SUPPLIED INFORMATION
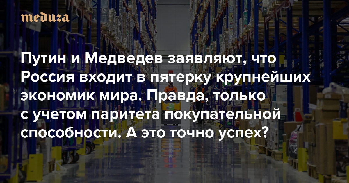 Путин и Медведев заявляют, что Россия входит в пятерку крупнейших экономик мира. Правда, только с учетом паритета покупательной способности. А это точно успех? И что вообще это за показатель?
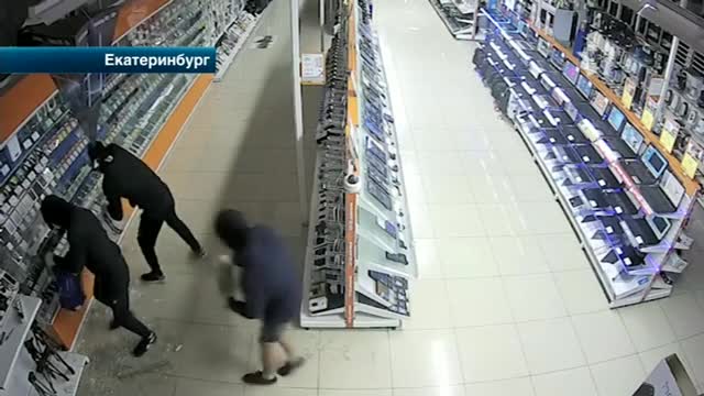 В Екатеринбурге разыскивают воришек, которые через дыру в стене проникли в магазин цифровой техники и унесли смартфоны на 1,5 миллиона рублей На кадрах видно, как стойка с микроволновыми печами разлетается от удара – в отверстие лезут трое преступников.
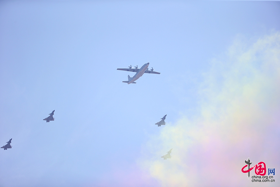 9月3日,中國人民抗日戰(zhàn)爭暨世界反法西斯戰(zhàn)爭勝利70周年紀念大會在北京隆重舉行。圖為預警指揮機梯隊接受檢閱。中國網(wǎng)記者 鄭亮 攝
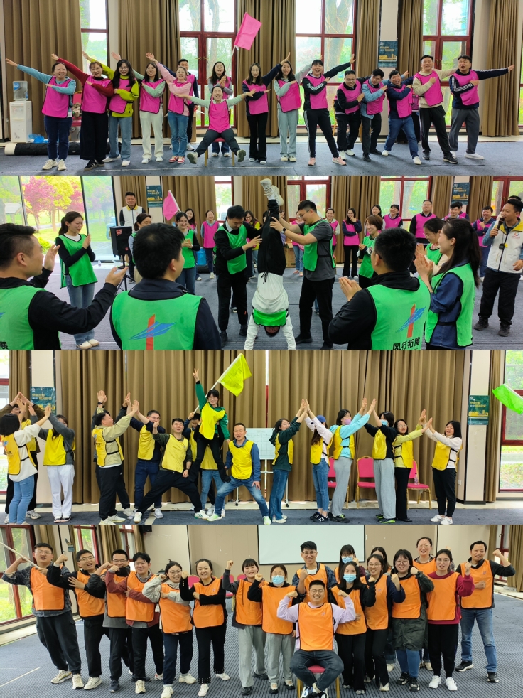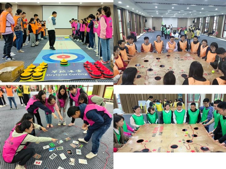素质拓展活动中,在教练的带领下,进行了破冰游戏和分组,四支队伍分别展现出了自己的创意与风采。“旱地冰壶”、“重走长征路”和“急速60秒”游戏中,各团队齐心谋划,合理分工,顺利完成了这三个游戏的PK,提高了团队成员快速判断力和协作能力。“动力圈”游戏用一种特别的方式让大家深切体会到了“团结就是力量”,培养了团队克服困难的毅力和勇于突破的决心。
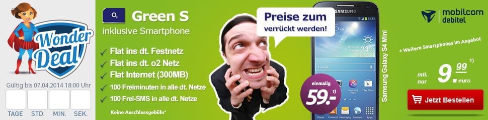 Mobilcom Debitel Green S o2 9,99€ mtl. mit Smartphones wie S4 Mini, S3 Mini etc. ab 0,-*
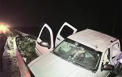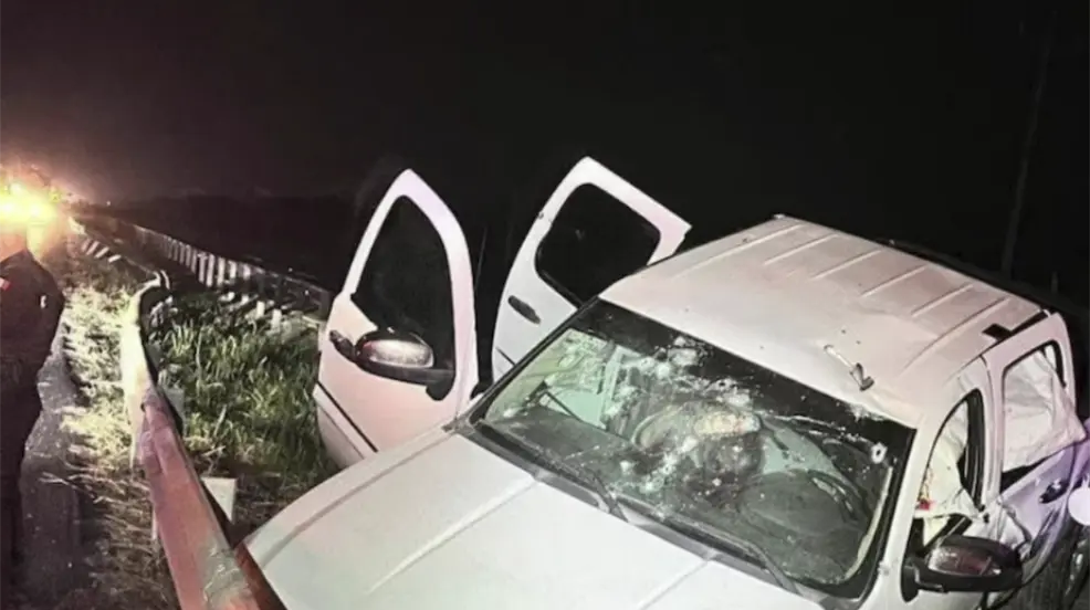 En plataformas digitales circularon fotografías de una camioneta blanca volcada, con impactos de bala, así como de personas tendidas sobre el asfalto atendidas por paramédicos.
...
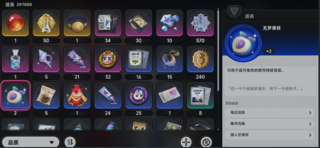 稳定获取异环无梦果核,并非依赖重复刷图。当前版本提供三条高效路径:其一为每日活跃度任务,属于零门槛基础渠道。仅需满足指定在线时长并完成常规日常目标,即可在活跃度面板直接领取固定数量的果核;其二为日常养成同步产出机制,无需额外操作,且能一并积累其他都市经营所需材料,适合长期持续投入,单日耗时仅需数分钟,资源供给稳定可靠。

WHAT YOU WILL DO
Beginning at the line above that contains "В Екатеринбурге разыскивают", repeat each line exactly through the one that contains "En plataformas digitales", and leave out the pictures.

SOLUTION BELOW
 В Екатеринбурге разыскивают воришек, которые через дыру в стене проникли в магазин цифровой техники и унесли смартфоны на 1,5 миллиона рублей На кадрах видно, как стойка с микроволновыми печами разлетается от удара – в отверстие лезут трое преступников.
 9月3日,中國人民抗日戰(zhàn)爭暨世界反法西斯戰(zhàn)爭勝利70周年紀念大會在北京隆重舉行。圖為預警指揮機梯隊接受檢閱。中國網(wǎng)記者 鄭亮 攝
素质拓展活动中,在教练的带领下,进行了破冰游戏和分组,四支队伍分别展现出了自己的创意与风采。“旱地冰壶”、“重走长征路”和“急速60秒”游戏中,各团队齐心谋划,合理分工,顺利完成了这三个游戏的PK,提高了团队成员快速判断力和协作能力。“动力圈”游戏用一种特别的方式让大家深切体会到了“团结就是力量”,培养了团队克服困难的毅力和勇于突破的决心。
 Mobilcom Debitel Green S o2 9,99€ mtl. mit Smartphones wie S4 Mini, S3 Mini etc. ab 0,-*
 En plataformas digitales circularon fotografías de una camioneta blanca volcada, con impactos de bala, así como de personas tendidas sobre el asfalto atendidas por paramédicos.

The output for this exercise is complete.